TASK —
Taking the line that contains "YOU NOTICE THE" as the start and the last line of the data as the end, repeat exactly every line in that span, but no pictures.

(Stored items)
------------------------------------------------------------

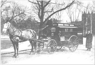
H. Ellis private ambulance (c. 1905)
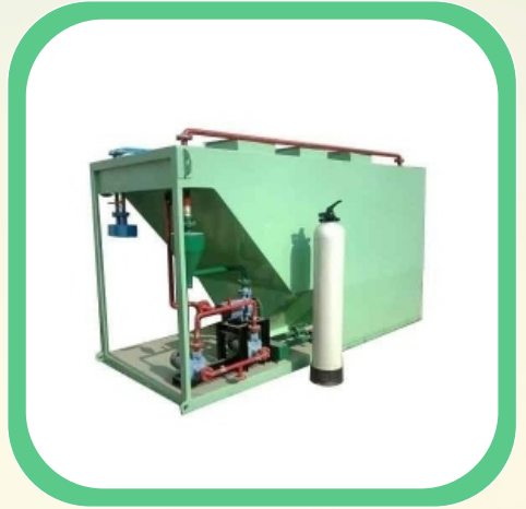
Mini Sewage Plant
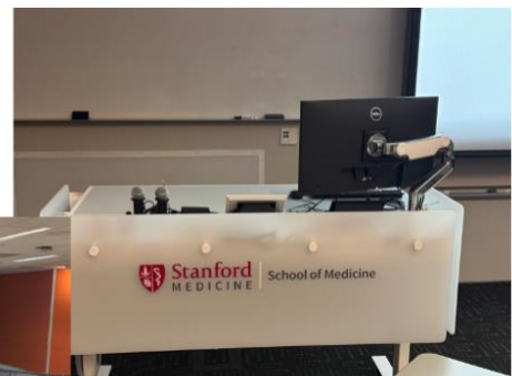
A front view of a new lectern in Ling Ka Shing 130
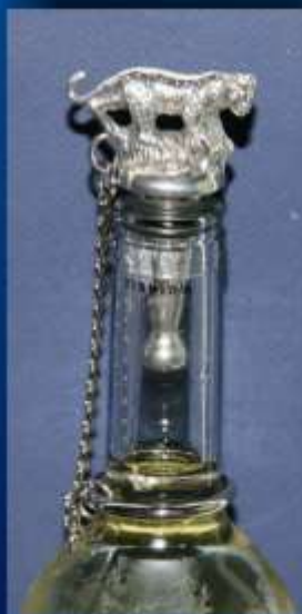
LEOPARD WS 013
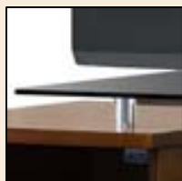
Elevated glass top
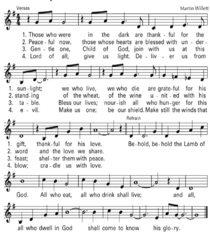
Text: Refrain based on John 1:29. Text and music © 1984, OCP. All rights reserved.
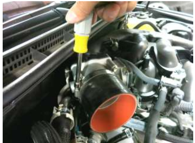
b. Install the supplied coupler(5-325 for IS350; 5-323 for IS250) and fasten the hose clamp(9452) to the throttle.
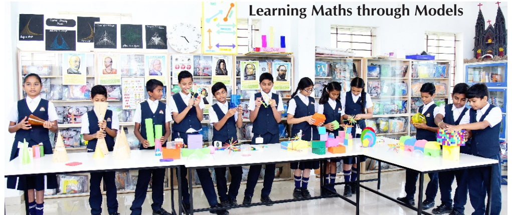
Learning Maths through Models
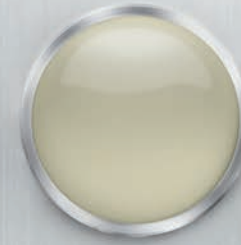
ICE WINE (S)

YOU NOTICE THE SUBTLE IRONIES IN LIFE. NOTHING IS EVER BLACK AND WHITE TO YOU.
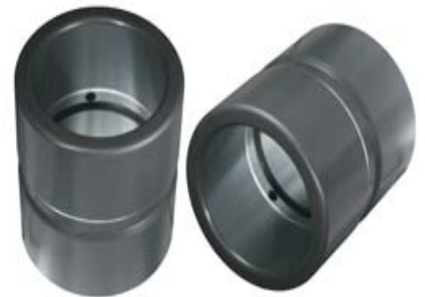
Thin Wall Bearings
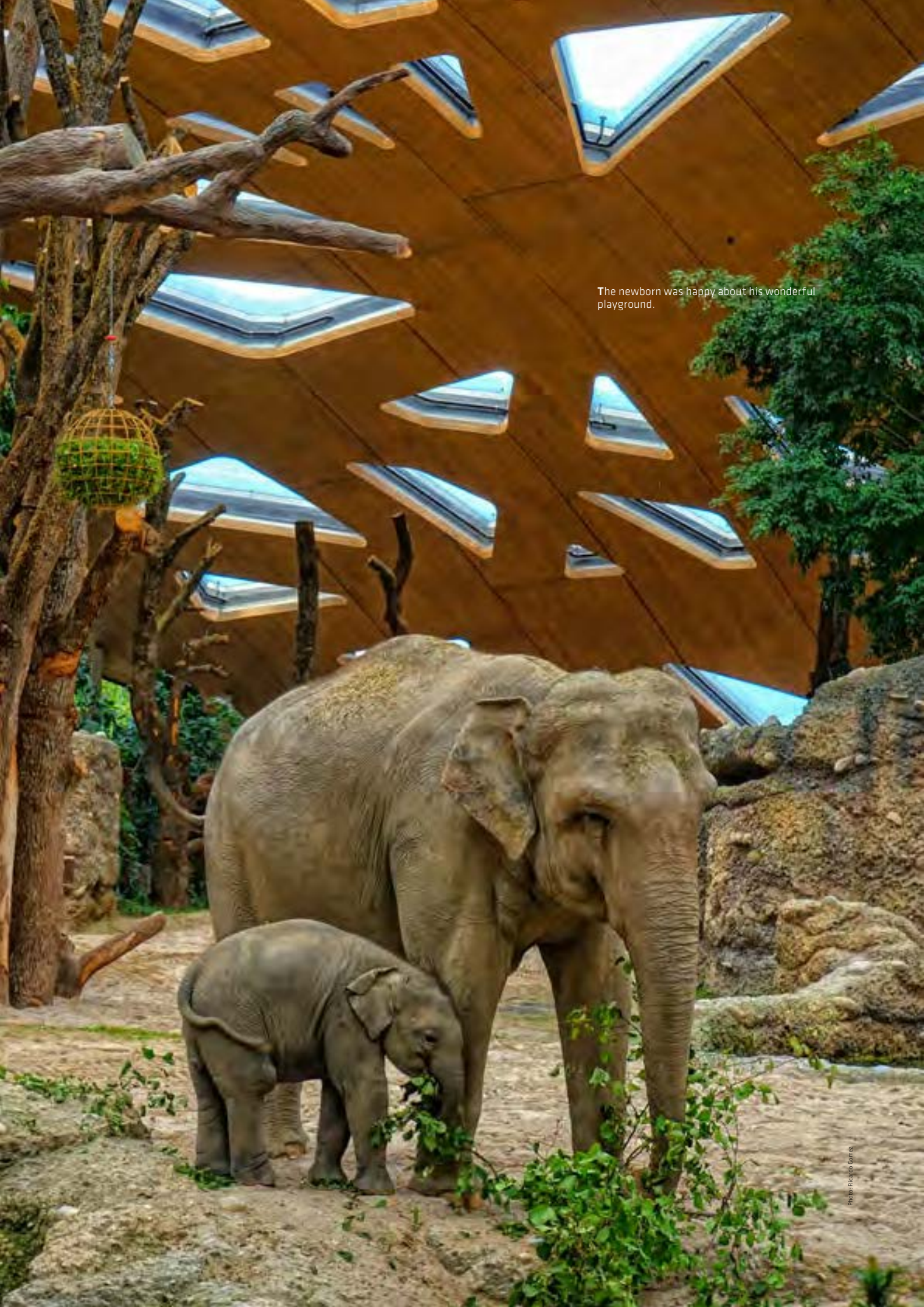
The newborn was happy about his wonderful playground.

------------------------------------------------------------

OUTPUT —
YOU NOTICE THE SUBTLE IRONIES IN LIFE. NOTHING IS EVER BLACK AND WHITE TO YOU.
Thin Wall Bearings
The newborn was happy about his wonderful playground.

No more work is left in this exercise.